PROJÉTIL DE ARMA DE FOGO – RELATO DE CASO

INTRODUÇÃO
As fraturas de rádio e ulna são consideradas a terceira de maior ocorrência em
cães, correspondendo a aproximadamente 8,5-10,7% das fraturas, e
geralmente ocorrem por trauma (FERRIGNO et al., 2008; GIGLIO et al., 2006).
O local de maior ocorrência é a diáfise, principalmente no seu terço distal
(MEIRELLES, 2013). Dentre as causas mais comuns, podemos citar os
acidentes automobilísticos e com armas de fogo, além de quedas e saltos
quando relacionadas a animais menores. Elas podem ser completas ou
incompletas e variam desde uma fratura em galho verde até a uma forma
cominutiva (COSTA & SCHOSSLER, 2002). Em cães de médio a grande porte,
com menos de um ano, o prognóstico é positivo, com consolidação completa,
enquanto nas raças pequenas e minis, com mais de um ano, há uma taxa de
75% de ocorrência de problemas na síntese como: angulação e rotação no
local, não-união, união retardada ou má-união, rigidez articular e hiperextensão
do carpo, além do
desenvolvimento do desvio valgo. Tais exemplos demonstram a complexidade
do problema, visto que há uma menor vascularização, canal medular estreito e
pouco tecido muscular, aumentando as chances de fraturas abertas
(MEIRELLES, 2013; PIERMATTEI et al., 1986). O diagnóstico é realizado
através do histórico do paciente (presença de claudicação sem a sustentação
do peso), com exame físico podendo demonstrar edema, dor e crepitação, e
através de exames radiográficos para observação da extensão de lesão em
tecidos moles e ósseo (JOHNSON, 2014). Já o tratamento vai depender do tipo
de fratura e de sua localização. As técnicas variam de tratamento conservador,
em casos de fraturas oblíquas curtas ou transversais, fixação externa, indicada
para todos os tipos de fratura desses ossos, ou placas e parafusos, que são
recomendadas em caso de politraumatizados e no tratamento de não-união em
cães pequenos e de fraturas distais (COSTA & SCHOSSLER, 2002).
RELATO DE CASO
No dia 5 de agosto de 2021 foi encaminhado ao hospital veterinário, um cão,
macho, com cinco anos, não castrado, da raça Pitbull, pesando 25,5kg, com
histórico de lesão por arma de fogo em membro torácico direito após tentativa
de assalto na propriedade onde se localizava o animal. O tutor relata que o
acidente ocorreu quatro dias antes e que o animal foi levado, inicialmente, a um
veterinário local e foram solicitados exames radiográficos que confirmaram a
presença de fratura diafisária do tipo aberta, completa e cominutiva em terço
médio de rádio e ulna direitas, podendo ser classificada como fratura do tipo 2
por arma de fogo.
Logo na primeira consulta, o animal apresentava impotência funcional do
membro torácico direito e apresentava parâmetros vitais dentro do fisiológico.
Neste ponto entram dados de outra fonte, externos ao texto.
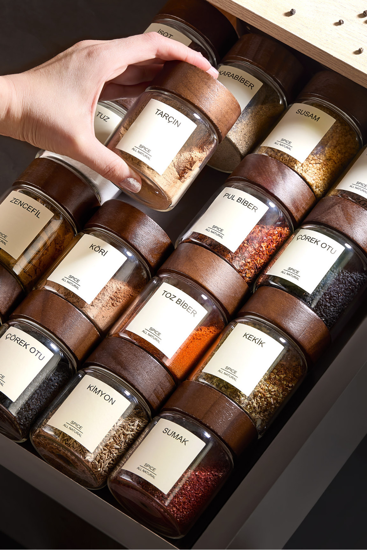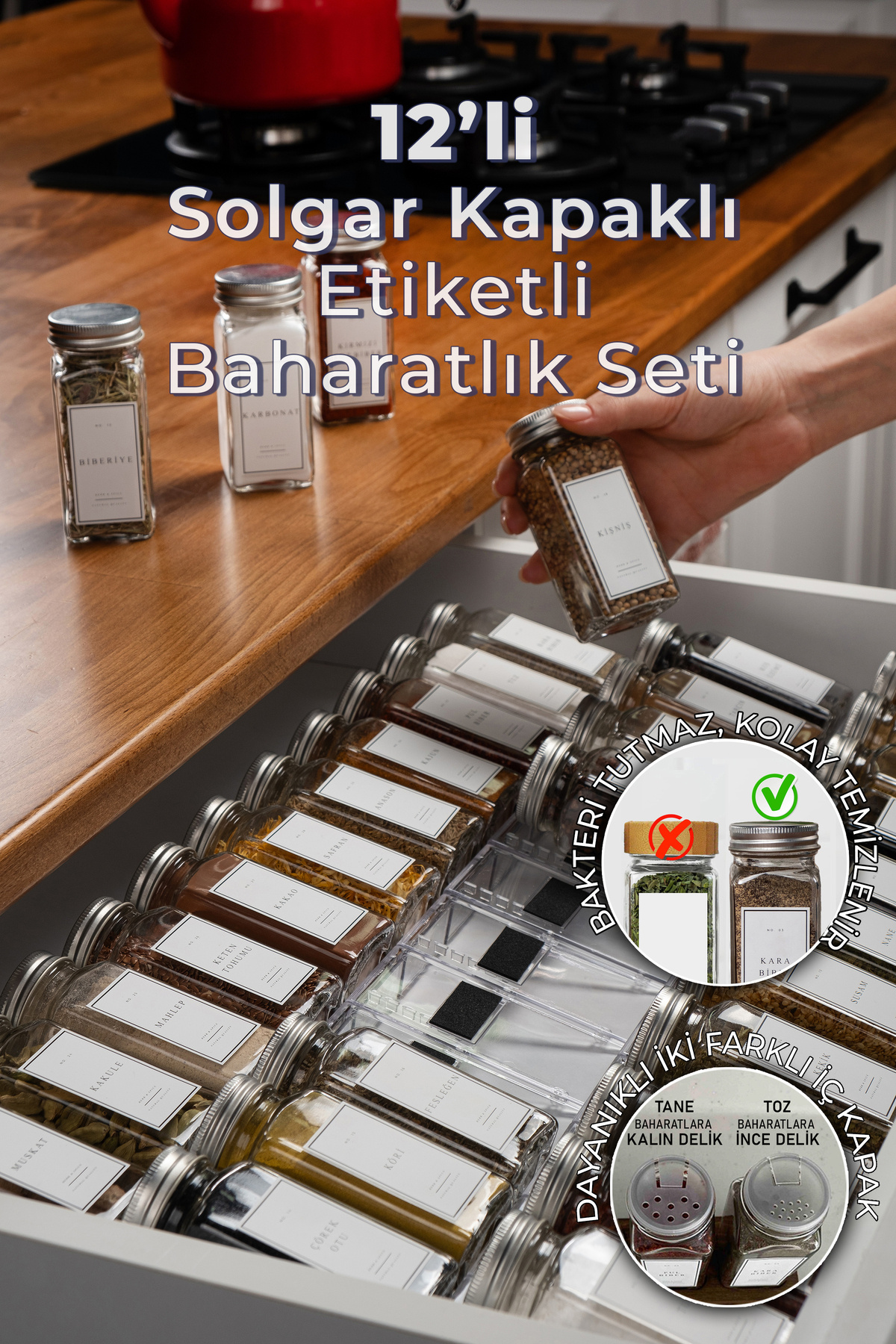 12'li Etiketli 250 ml Metal Vakumlu Kapaklı Borosilikat Cam Baharatlık Saklama Kabı Seti 12'li Etiketli 250 ml Metal Vakumlu Kapaklı Borosilikat Cam Baharatlık Saklama Kabı Seti 09091802090103 تک سایز
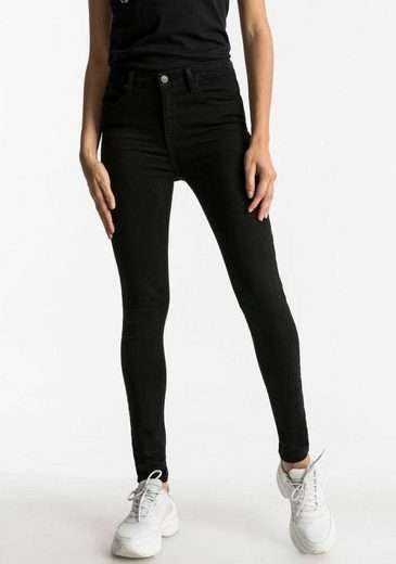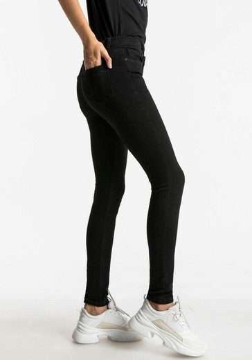 Die extra enge Passform mit modisch hohem Bund bringt deine Beine besonders toll zur Geltung und verleiht der 5-Pocket-Jeans jede Menge Klasse.
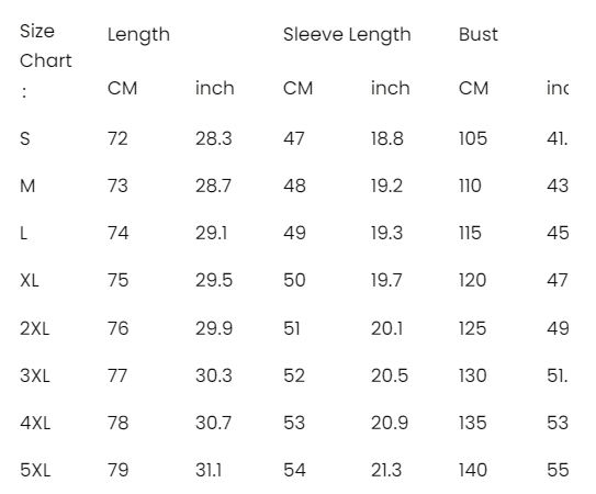 Size: S/M/L/XL/2XL/3XL/4XL/5XL

Foi realizada tricotomia ampla do membro e a limpeza dos pontos de entrada e
saída do projétil, pois havia contaminação do local, posteriormente sendo
elaborada uma tala em calha para proporcionar apoio ao membro acometido.
Foram requisitados nova radiografia e cultura e antibiograma da secreção
contaminada localizada nos pontos de entrada e saída (verificando-se a
presença de Staphylococcus aureus). Para uso em domicílio, foi receitado
Carprofeno BID durante 7 dias, Dipirona BID durante 5 dias, Tramadol BID
durante 5 dias, além de Amoxicilina + Clavulanato de Potássio BID por 7 dias.
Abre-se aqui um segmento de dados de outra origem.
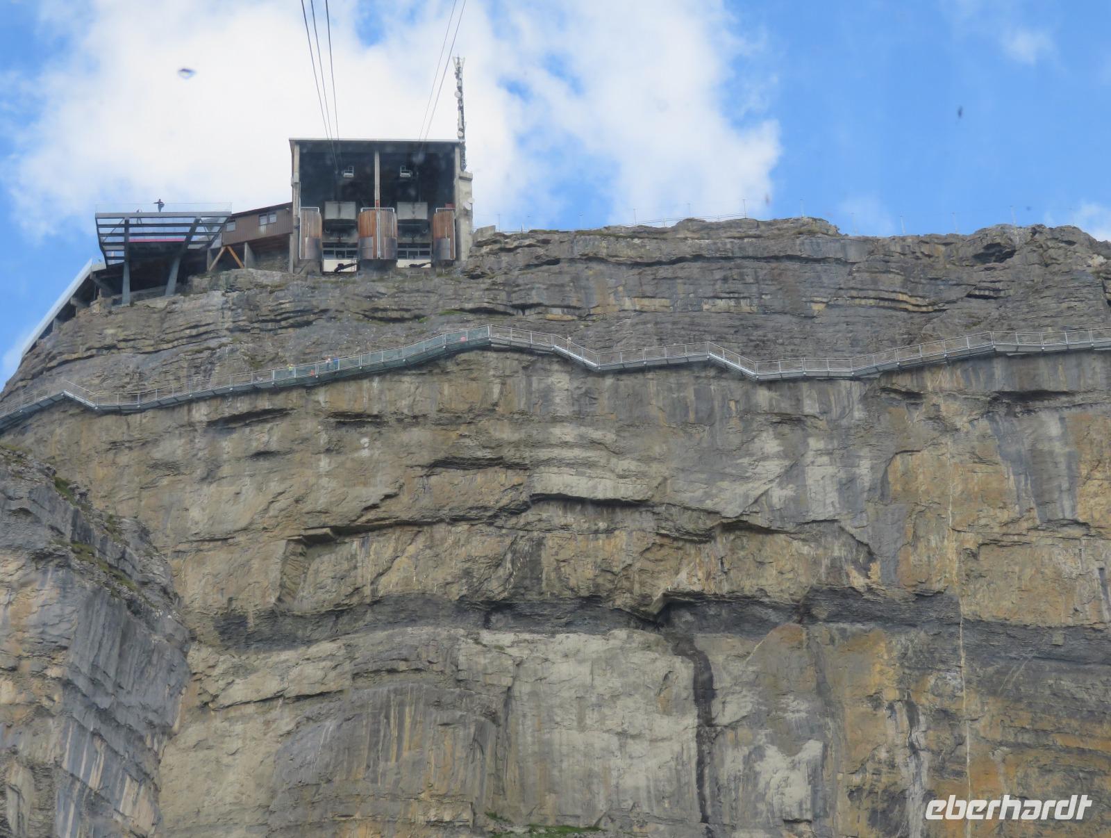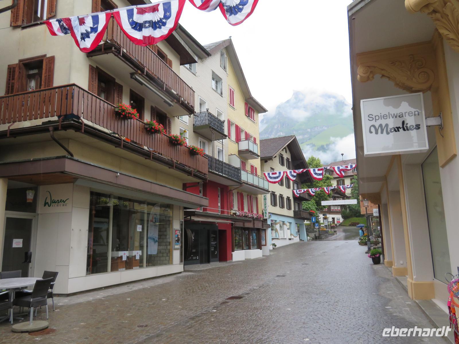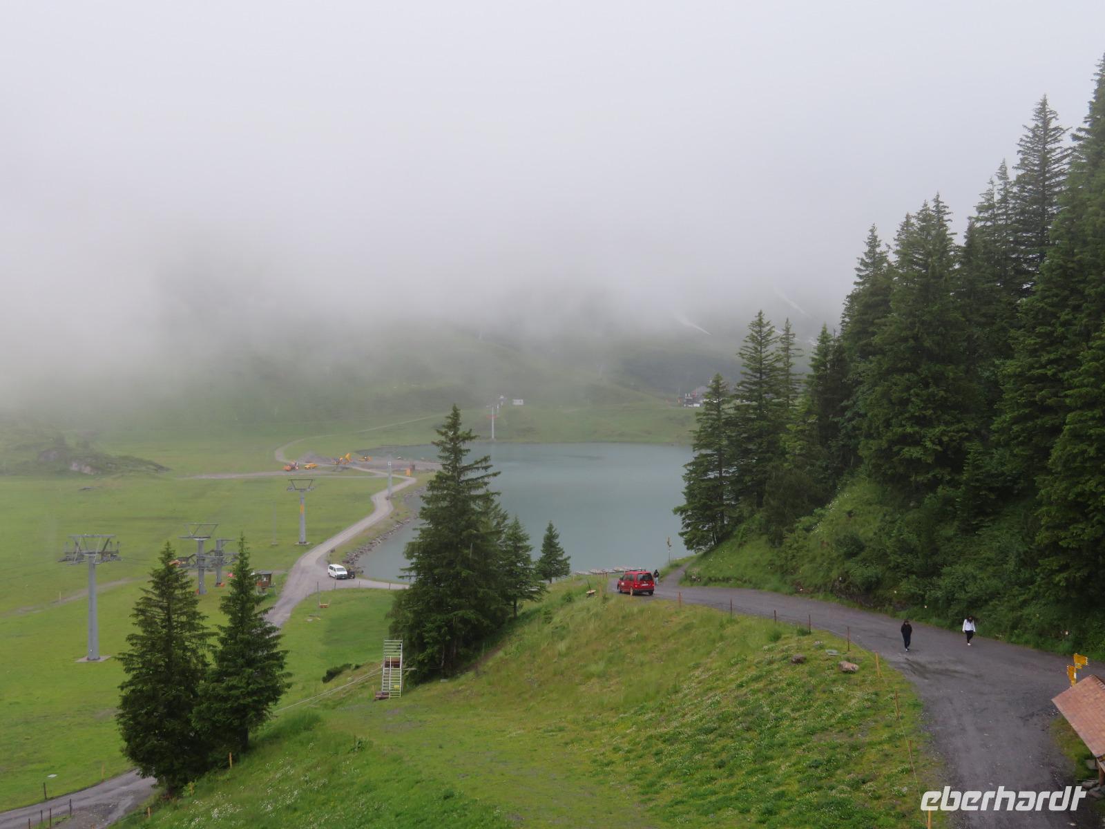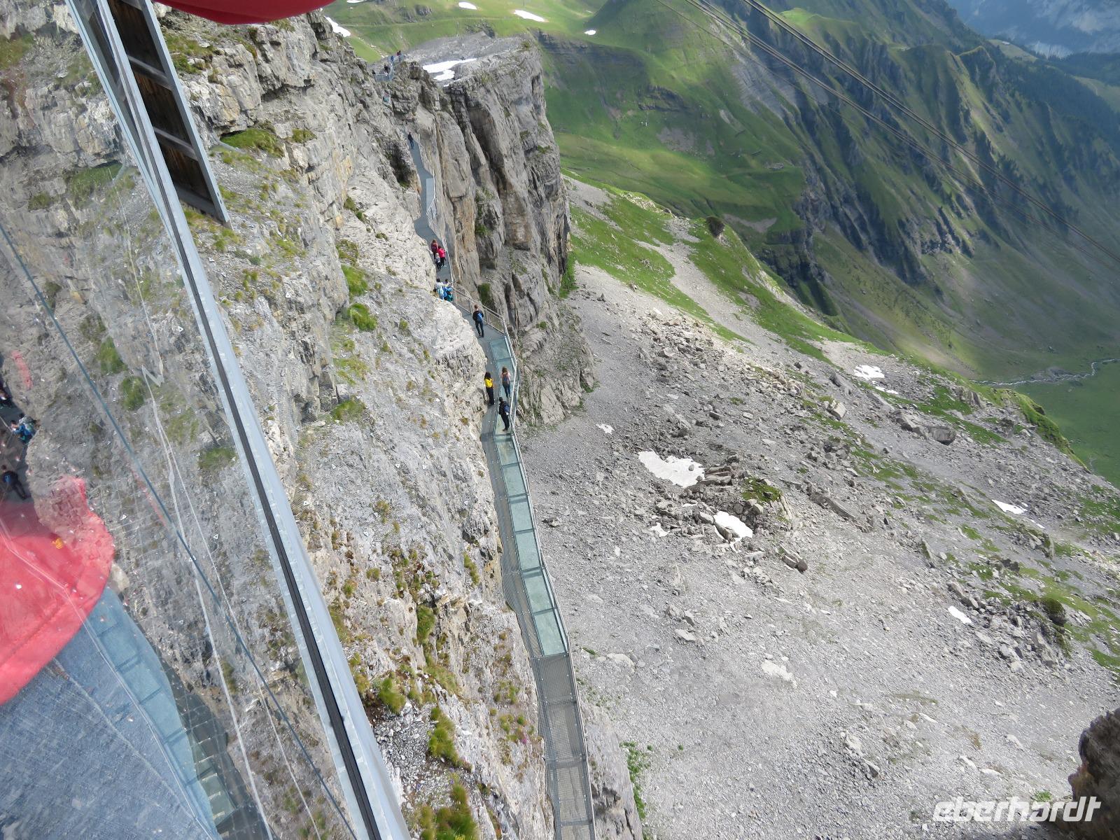 Entlang der Engelberger Ar gehen wir zur Talstation der Titlisbahn. Mit der Umlaufgondelbahn fahren wir zunächst bis zur Station Trübsee. Wir gehen auf die Terrasse des Restaurants und werfen einen Blick auf den Trübsee. Aber leider regnet es auch hier. Also geht es mit der Gondelbahn wieter zur Station Stand. Wir wechseln die Bahn und steigen in die Kabine der Rotair. Diese runde Gondel dreht sich während der Fahrt zum Gipfel des Titlis einmal um ihre eigene Achse. Leider läuft auch hier das Programm: „Wie Sie sehen, sehen Sie nichts". Der Gipfel liegt in dicken Regenwolken und die herrliche Sicht vom Gipfel in 3.020 Metern Höhe auf die umliegenden Berge bleibt uns verwährt. Wir besuchen die Gletschergrotte, welche sich ca. 20 Meter unter der Oberfläche befindet. Eine Fahrt mit dem IceFlyer über den Gletscher lohnt nicht. Einige Gäste wagen den Gang über die Hängebrücke. Wir verlassen den Berg und fahren zur Station Trübsee zurück. Eigentlich wollen wir auf dem schönen Wanderweg um den See wandern. Doch inzwischen sind die Wolken soweit runter gezogen, dass wir den See von der Station gar nicht mehr sehen können. Also entscheiden wir uns zur Rückkehr nach Engelberg. Den Nachmittag verbringen wir mit einem Bummel in Engelberg.

Quatro dias da consulta, o paciente retornou para nova confecção de tala.
Apresentava forte odor e secreção no local, além de nova lesão ocasionada
pelo componente rígido da tala, sendo realizada limpeza com clorexidine. Dois
dias após a limpeza ambulatorial das feridas, o paciente retornou para nova
avaliação em mesmo estado. Após sedação, foi realizada nova limpeza com
desbridamento das lesões, pois apresentava sinais de necrose tecidual. Nessa
ocasião foram transmitidas informações e recomendações à proprietária, tendo
em vista a necessidade de tratamento cirúrgico da lesão.
Sete dias após a primeira consulta no hospital, o paciente foi encaminhado
para a cirurgia. No bloco cirúrgico, após a preparação do paciente, dos
materiais e da equipe cirúrgica, houve o início do procedimento de
osteossíntese de rádio e ulna. De forma fechada, foram posicionados dois
pinos de Steinmann de 3,5 milímetros lateromedialmente de forma obliqua
entre si proximal à linha de fratura e um pino de Schanz de 2,5 milímetros,
sendo repetida a técnica distalmente a fratura, com dois pinos Steinmann de
3,5 milímetros e um Schanz de 2,5 milímetros, todos de forma lateromedial.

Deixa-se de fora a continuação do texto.